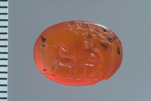 Su una corniola ovale è disposta, in senso orizzontale, una scena di mungitura su una lunga linea del suolo. A sinistra un contadino barbato, di profilo verso destra, è curvo in avanti e inginocchiato, con il ginocchio sinistro poggiato al suolo; entrambe le braccia sono allungate in avanti per mungere una capra retrospiciente, anch'essa rappresentata di profilo. La scena è chiusa a destra da un albero fogliato, che si curva seguendo il margine della pietra, e a sinistra da una colonnina.
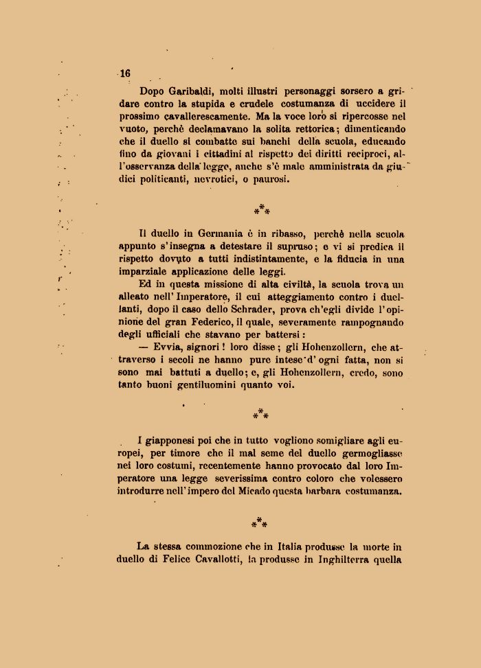 Dopo Garibaldi, molti illustri personaggi sorsero a gridare contro la stupida e crudele costumanza di uccidere il prossimo cavallerescamente. Ma la voce loro si ripercosse nel vuoto, perchè declamavano la solita rettorie» -, dimenticando che il duello si combatte sui banchi della scuola, educando fino da giovani i cittadini al rispetto dei diritti reciproci, all'osservanza della' legge, anche s'è male amministrata da giù dici politicanti, nevrotici, o paurosi.
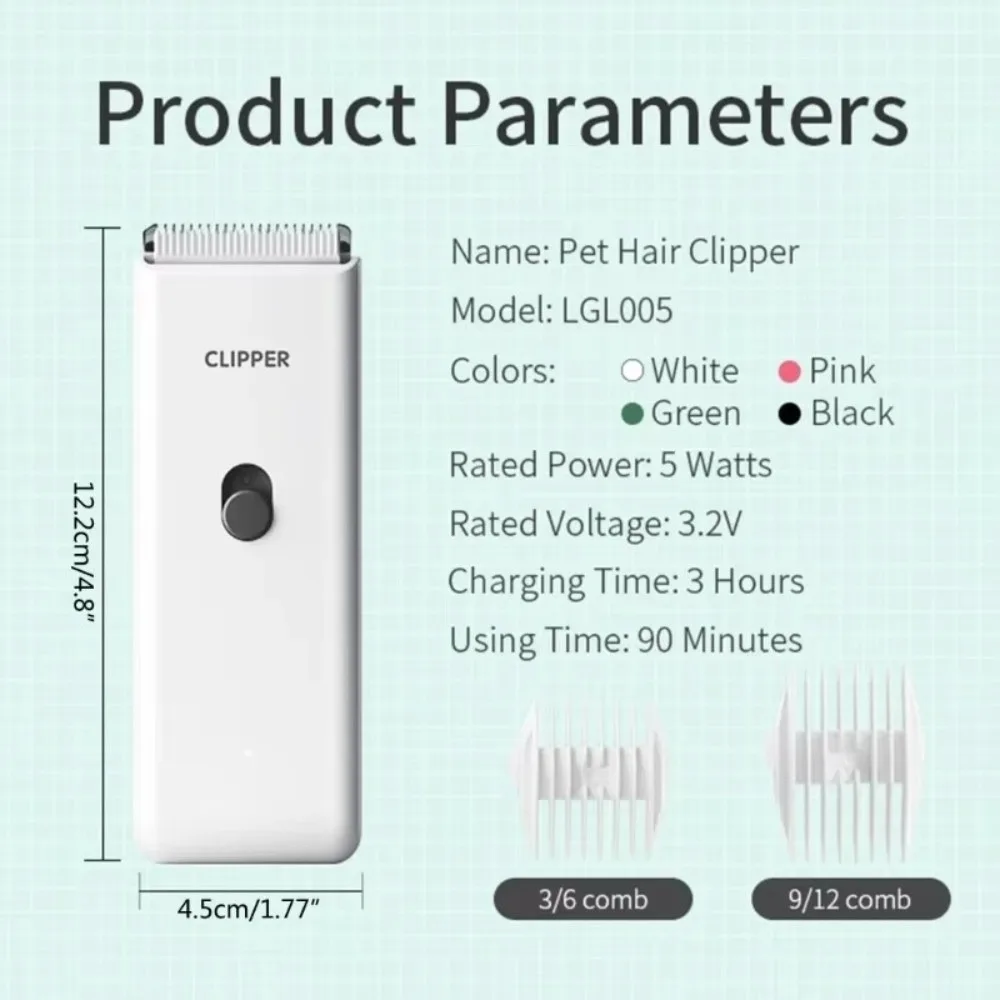 Name:Dog Hair ClipperColor:As ShownSize:As ShownMaterial:ABS, Stainless SteelPower supply: USB chargingPackage Includes:1set Dog Hair Clipper
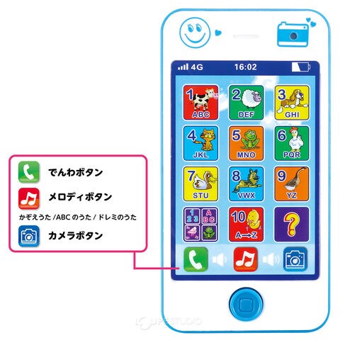 カメラやクイズなどいろいろなボタンに連動した機能があるので、たくさんの遊び方ができるスマートフォン型のオモチャ
═══
## Requirement:
The result should be the same data as above, line for line, with the pictures gone.

## Exercise result:
 Su una corniola ovale è disposta, in senso orizzontale, una scena di mungitura su una lunga linea del suolo. A sinistra un contadino barbato, di profilo verso destra, è curvo in avanti e inginocchiato, con il ginocchio sinistro poggiato al suolo; entrambe le braccia sono allungate in avanti per mungere una capra retrospiciente, anch'essa rappresentata di profilo. La scena è chiusa a destra da un albero fogliato, che si curva seguendo il margine della pietra, e a sinistra da una colonnina.
 Dopo Garibaldi, molti illustri personaggi sorsero a gridare contro la stupida e crudele costumanza di uccidere il prossimo cavallerescamente. Ma la voce loro si ripercosse nel vuoto, perchè declamavano la solita rettorie» -, dimenticando che il duello si combatte sui banchi della scuola, educando fino da giovani i cittadini al rispetto dei diritti reciproci, all'osservanza della' legge, anche s'è male amministrata da giù dici politicanti, nevrotici, o paurosi.
 Name:Dog Hair ClipperColor:As ShownSize:As ShownMaterial:ABS, Stainless SteelPower supply: USB chargingPackage Includes:1set Dog Hair Clipper
 カメラやクイズなどいろいろなボタンに連動した機能があるので、たくさんの遊び方ができるスマートフォン型のオモチャ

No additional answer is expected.